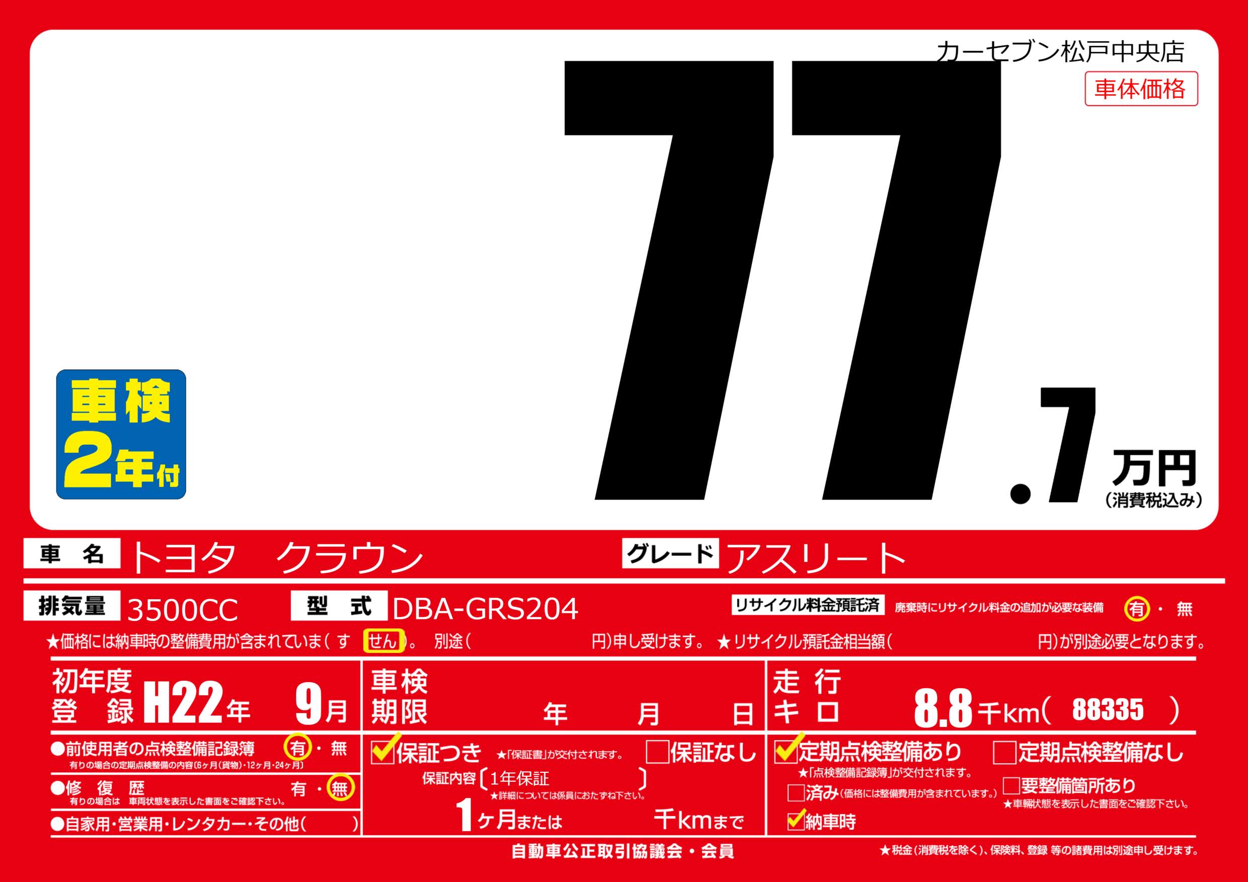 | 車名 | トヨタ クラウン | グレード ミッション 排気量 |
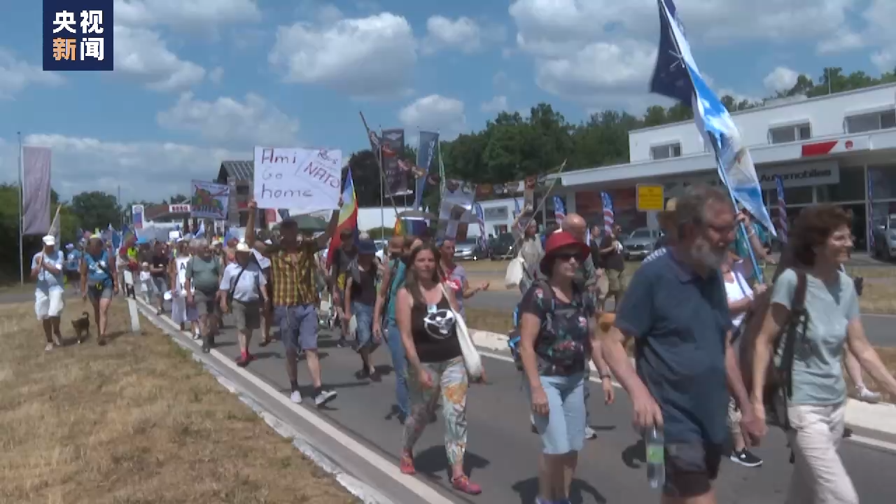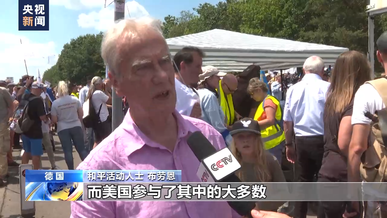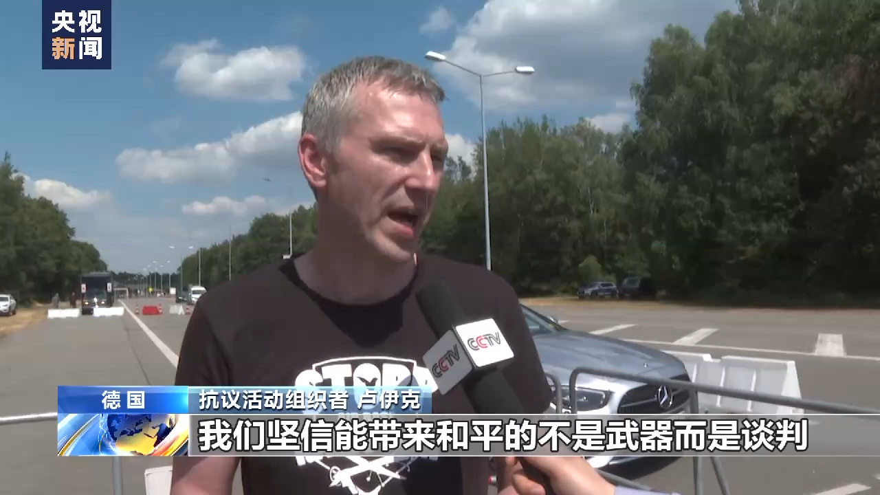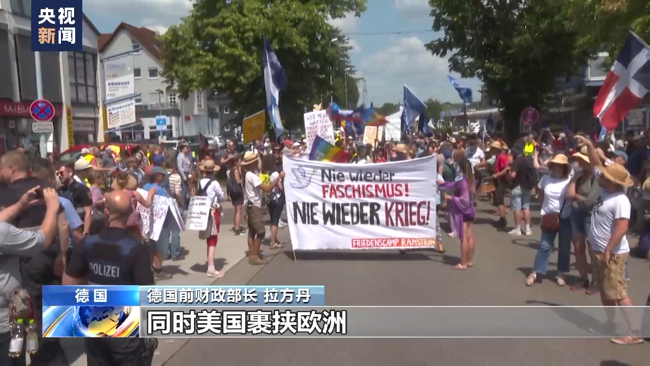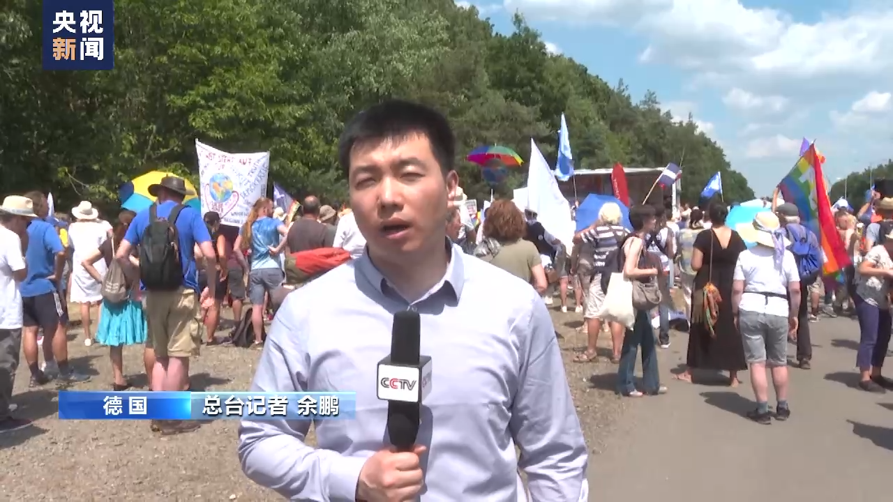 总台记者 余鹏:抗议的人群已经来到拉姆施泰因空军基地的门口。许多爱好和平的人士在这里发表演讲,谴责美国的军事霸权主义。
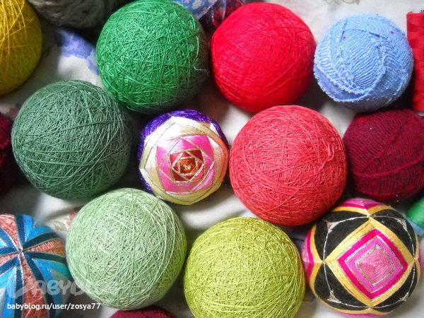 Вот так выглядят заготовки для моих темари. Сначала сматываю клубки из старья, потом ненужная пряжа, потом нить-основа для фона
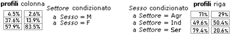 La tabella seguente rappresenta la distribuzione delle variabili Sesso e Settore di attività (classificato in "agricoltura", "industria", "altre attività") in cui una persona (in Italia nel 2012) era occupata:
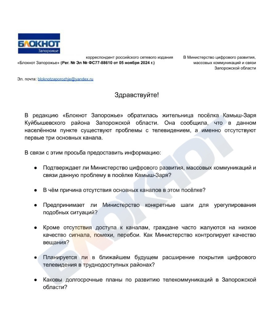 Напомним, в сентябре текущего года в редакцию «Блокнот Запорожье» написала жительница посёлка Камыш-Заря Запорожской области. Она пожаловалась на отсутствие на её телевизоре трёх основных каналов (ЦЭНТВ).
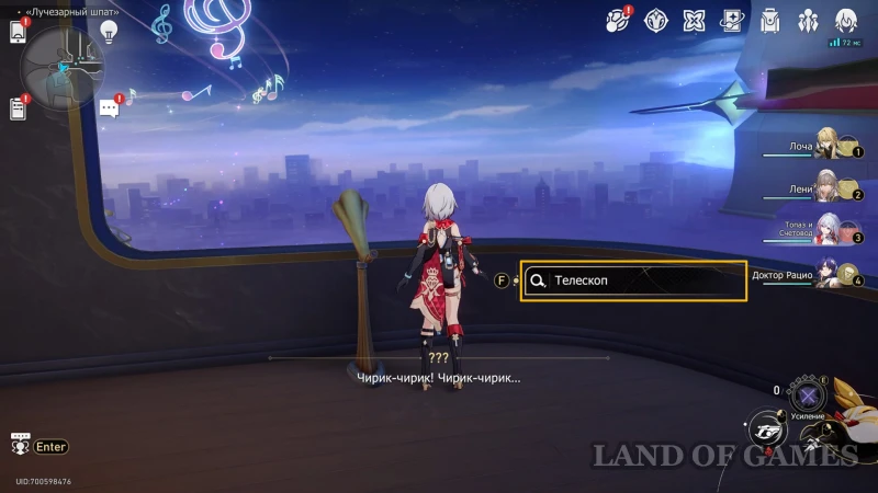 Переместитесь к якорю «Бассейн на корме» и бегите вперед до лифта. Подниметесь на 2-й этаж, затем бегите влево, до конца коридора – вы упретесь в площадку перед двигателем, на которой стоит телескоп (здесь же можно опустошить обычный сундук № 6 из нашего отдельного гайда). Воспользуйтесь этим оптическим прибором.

==

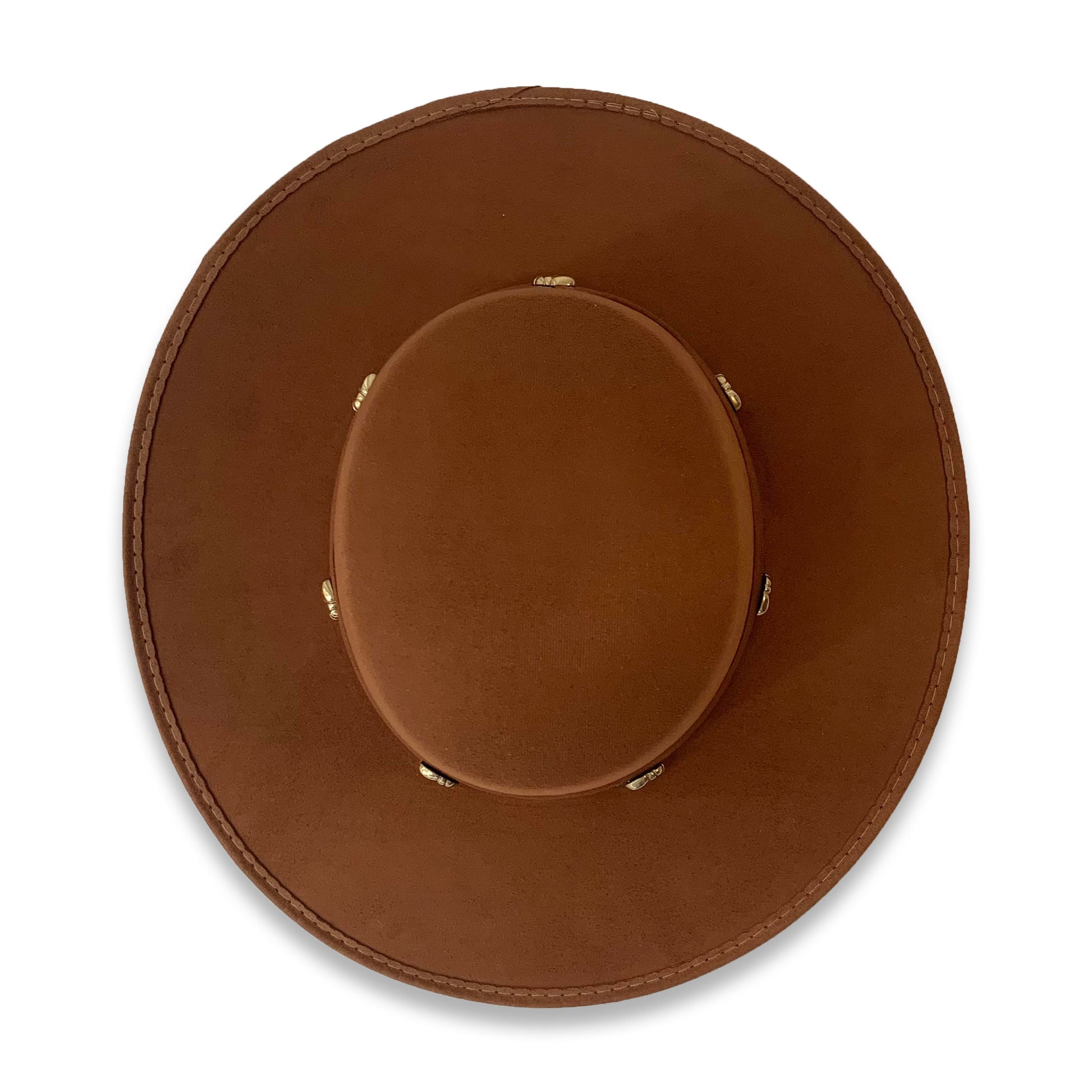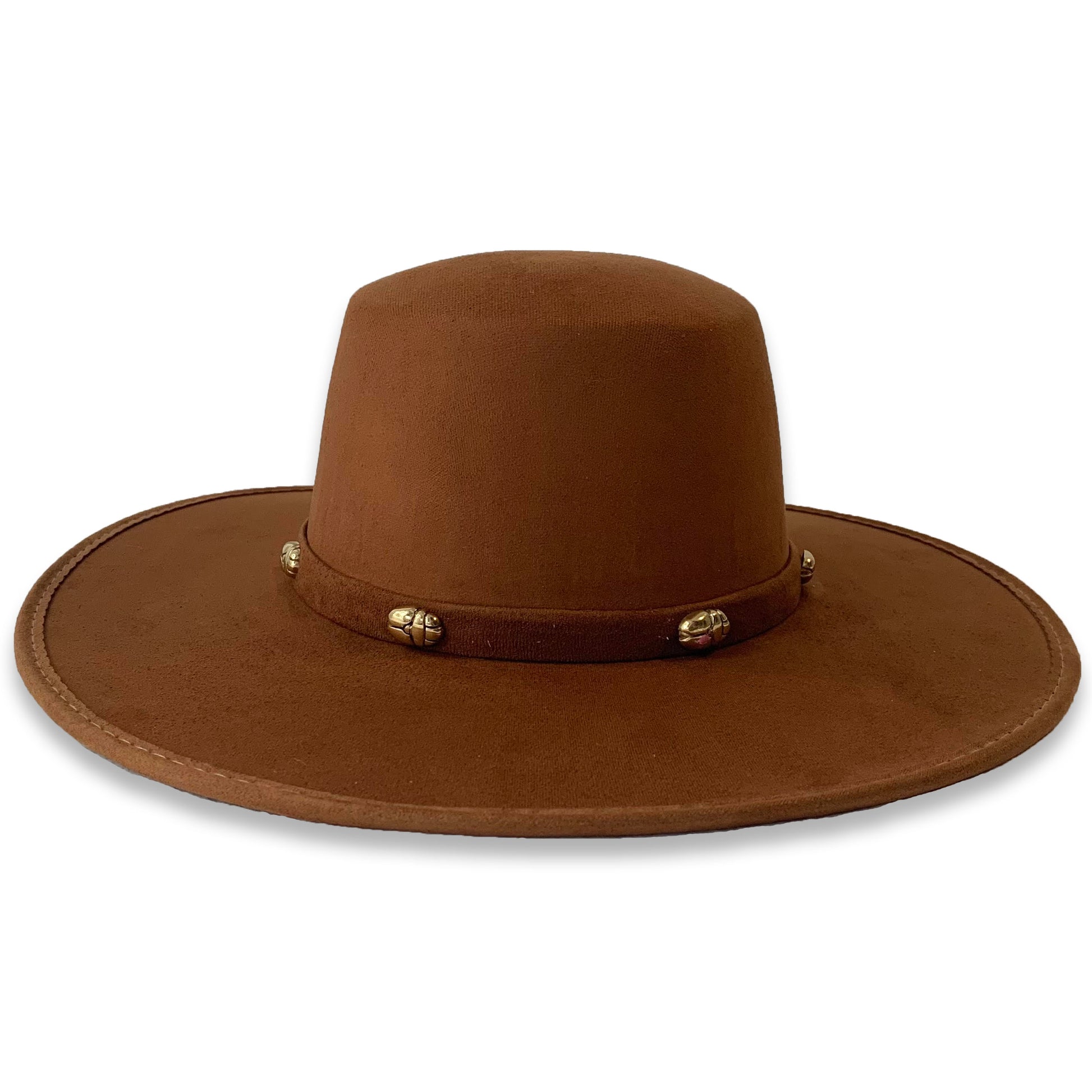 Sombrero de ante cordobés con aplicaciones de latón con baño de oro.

PROBLEM TO WORK ON »
Output only the lines above from the line that holds "ミッション 排気量 |" through the line that holds "Вот так выглядят", both ends included, and exclude pictures.

RESULT FOR THIS EXERCISE »
 | 車名 | トヨタ クラウン | グレード ミッション 排気量 |
 总台记者 余鹏:抗议的人群已经来到拉姆施泰因空军基地的门口。许多爱好和平的人士在这里发表演讲,谴责美国的军事霸权主义。
 Вот так выглядят заготовки для моих темари. Сначала сматываю клубки из старья, потом ненужная пряжа, потом нить-основа для фона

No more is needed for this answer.